● **What needs to be done**:
Exclude the images, then return every line below exactly as written.

● **Collected data**:
____________

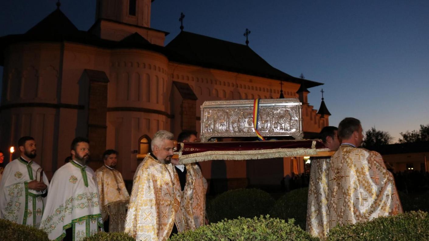 La momentul specific, în sunet de toacă și freamăt de cer, ierarh, cler și credincioși, dimpreună cu sfintele icoane și racla cu sfinte moaște din Catedrala Cuvioasei Parascheva, au săvârșit procesiunea dimprejurul locașului mușatin, cântând imnuri și alte cântări bisericești întru cinstea Sfintei care se bucură de cea mai mare cinstire în Biserica noastră.
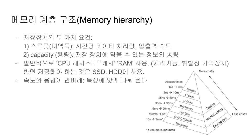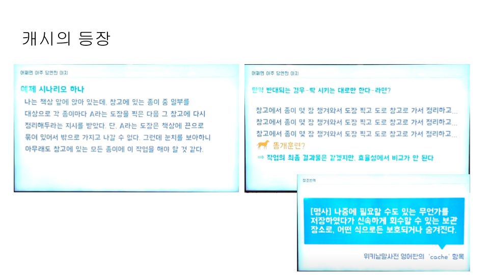 그런데 모든 데이터가 골고루 사용되는 것이 아니라 일부 데이터가 자주 쓰이기 때문에 이러한 데이터를 금방 가져다 쓸 수 있는 곳에 두면 효율이 높아집니다.
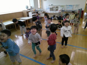 進級したちゅうりっぷ組の子ども達! 一つお兄さんお姉さんになって「新しいバッチになったんだ!」と少し誇らしげな子ども達でした💕その反面「なんで○○君はいないの?」と引っ越したお友達や小学校へ行ってしまったお友達の事を気にかける様子も見られましたよ✨
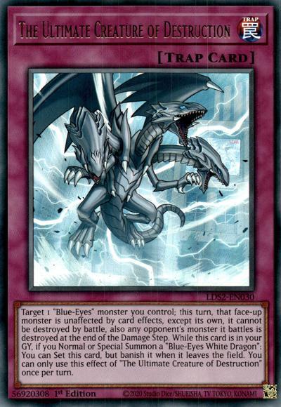Target 1 ‘Blue-Eyes’ monster you control; this turn, that face-up monster is unaffected by card effects, except its own, it cannot be destroyed by battle, also any opponent’s monster it battles is destroyed at the end of the Damage Step. While this card is in your GY, if you Normal or Special Summon a ‘Blue-Eyes White Dragon’: You can Set this card, but banish it when it leaves the field. You can only use this effect of ‘The Ultimate Creature of Destruction’ once per turn.

____________

● **Task result**:
 La momentul specific, în sunet de toacă și freamăt de cer, ierarh, cler și credincioși, dimpreună cu sfintele icoane și racla cu sfinte moaște din Catedrala Cuvioasei Parascheva, au săvârșit procesiunea dimprejurul locașului mușatin, cântând imnuri și alte cântări bisericești întru cinstea Sfintei care se bucură de cea mai mare cinstire în Biserica noastră.
 그런데 모든 데이터가 골고루 사용되는 것이 아니라 일부 데이터가 자주 쓰이기 때문에 이러한 데이터를 금방 가져다 쓸 수 있는 곳에 두면 효율이 높아집니다.
 進級したちゅうりっぷ組の子ども達! 一つお兄さんお姉さんになって「新しいバッチになったんだ!」と少し誇らしげな子ども達でした💕その反面「なんで○○君はいないの?」と引っ越したお友達や小学校へ行ってしまったお友達の事を気にかける様子も見られましたよ✨
Target 1 ‘Blue-Eyes’ monster you control; this turn, that face-up monster is unaffected by card effects, except its own, it cannot be destroyed by battle, also any opponent’s monster it battles is destroyed at the end of the Damage Step. While this card is in your GY, if you Normal or Special Summon a ‘Blue-Eyes White Dragon’: You can Set this card, but banish it when it leaves the field. You can only use this effect of ‘The Ultimate Creature of Destruction’ once per turn.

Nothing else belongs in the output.